One of Baltimore’s most lavishly-decorated restaurant buildings is on the market but the business inside isn’t part of the sale.
The building at 924 N. Charles St. – currently home of The Manor restaurant and ultralounge, and formerly home of The Brass Elephant and The Elephant restaurants – has been listed for sale for $1.5 million, according to a posting on a commercial real estate website, LoopNet.com. The listing agent is Ross Conn of Avenue Real Estate LLC in Gaithersburg. The sale is getting attention because the listing was shared this month on a Facebook page for Mount Vernon residents.
“Great Turn Key restaurant as bar opportunity,” the listing says. Investment highlights include a “$3 Million…Renovation” in 2016 and “Décor valued at over $1M including Tiffany Glass and Waterford Crystal.”
Investors Kevin Standard and Jeremy Lansdowne bought the property in 2019 and signed a lease with Joshua Persing and Robert Gay, who opened The Manor in February 2020.
The listing is for the building but not the restaurant and lounge, Persing said in an email.
“The building was put up for sale by our landlord many, many months ago,” he explained. “They are attempting to sell the building; however, our 10-year lease of the premise will remain intact if sold… Any new buyer has to honor our lease and The Manor will remain open.”
Steeped in history, the four-story building was constructed in the 1850s for Benjamin Chew Howard, a four-term U. S. Congressman and son of wealthy landowner John Eager Howard, and Benjamin’s wife Janet Gilmore, on part of his father’s Belvedere Estate. Later, Brazilian coffee importer Charles Morton Stewart and his wife, Josephine Lurman, bought it as their winter residence.

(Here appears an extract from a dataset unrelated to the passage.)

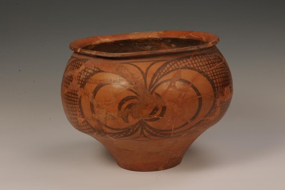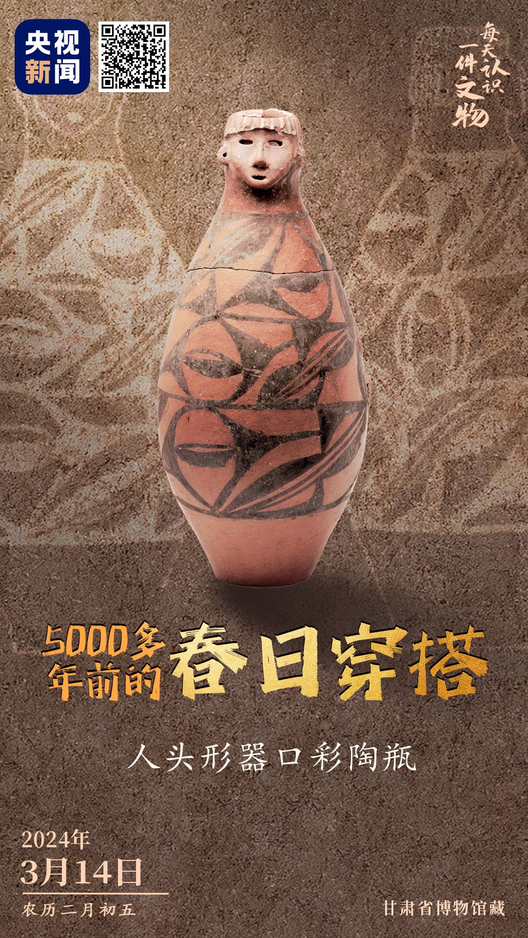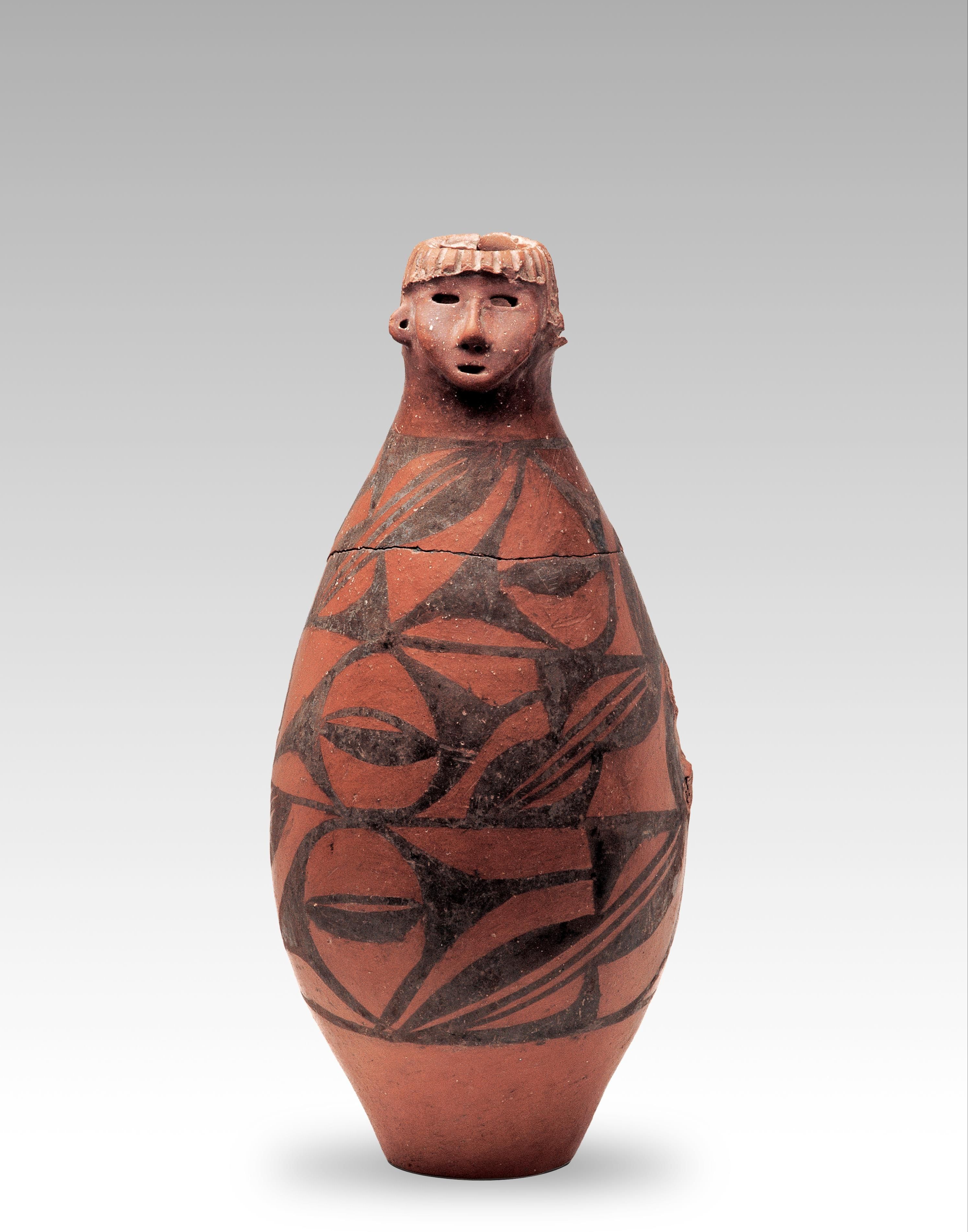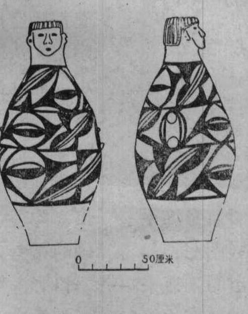 △人头形器口彩陶瓶 甘肃省博物馆藏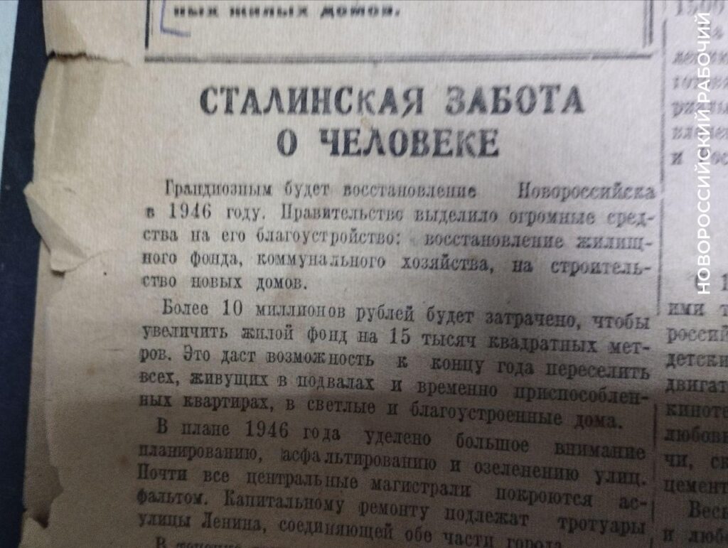 В 1946 году мы сделаем большой шаг в этом деле. По инициативе товарища Сталина правительство приняло решение о восстановлении 15 крупнейших и старейших русских городов. В их число включен и Новороссийск. Программа восстановительных и строительных работ поистине грандиозна… Новороссийцы получат десятки тысяч квадратных метров новых благоустроенных квартир, новые очаги культуры и просвещения, поликлиники и больницы, новые бытовые предприятия. Расширится и будет лучше удовлетворять запросы жителей электрификация, водоснабжение, внутригородской транспорт…

In the late 1890s, local merchant George Wroth Knapp Jr. purchased it as a second home. He and his wife, Sara Gilfry, filled it with decorative items including crystal chandeliers; marble fireplace mantels, and Lockwood de Forest teak paneling. In the 1930s, it was converted to a store for Potthast Brothers Furniture, which added a large glass storefront to show off the furniture for sale inside.
In the late 1970s, William “Billy” Paley Jr., the son of former CBS network president William S. Paley, led a group of investors who converted the building to a high-end restaurant, The Brass Elephant, which opened in the early 1980s and closed in 2009. From July 2016 to June 2019, it housed a restaurant called The Elephant, operated by Steven and Linda Brown Rivelis.
Gay and Persing preserved the building’s best features while adding their own touches and programming. In 2022, Baltimore Magazine named The Manor a “Best of Baltimore” winner in the category “Best Drag Brunch.”
“Their vision for the lounge is to bring an eclectic, luxurious and modern approach to the Baltimore restaurant, lounge and night club scene,“ The Manor’s website states. “Their vision has led to an experience that is on the cutting edge of style and cuisine.”
Part of the Mount Vernon historic district, the 11,260-square-foot building is zoned for commercial use. According to the real estate listing, decorative features include: chandeliers with Waterford Crystal prisms; mantels carved by sculptor William Henry Rinehart; skylights and interior windows, some with stained glass attributed to Louis Comfort Tiffany; bottle glass windows, transoms and doors; a teak dining room; gilded mirrors; elephant-, griffin- and cherub-themed sconces, and “mermaid mastheads.”
The Manor has been closed since Dec. 29, due to a burst water pipe. Its owners said on social media that they’ve already begun repairs and “we will update you as soon as we can on when we will reopen.”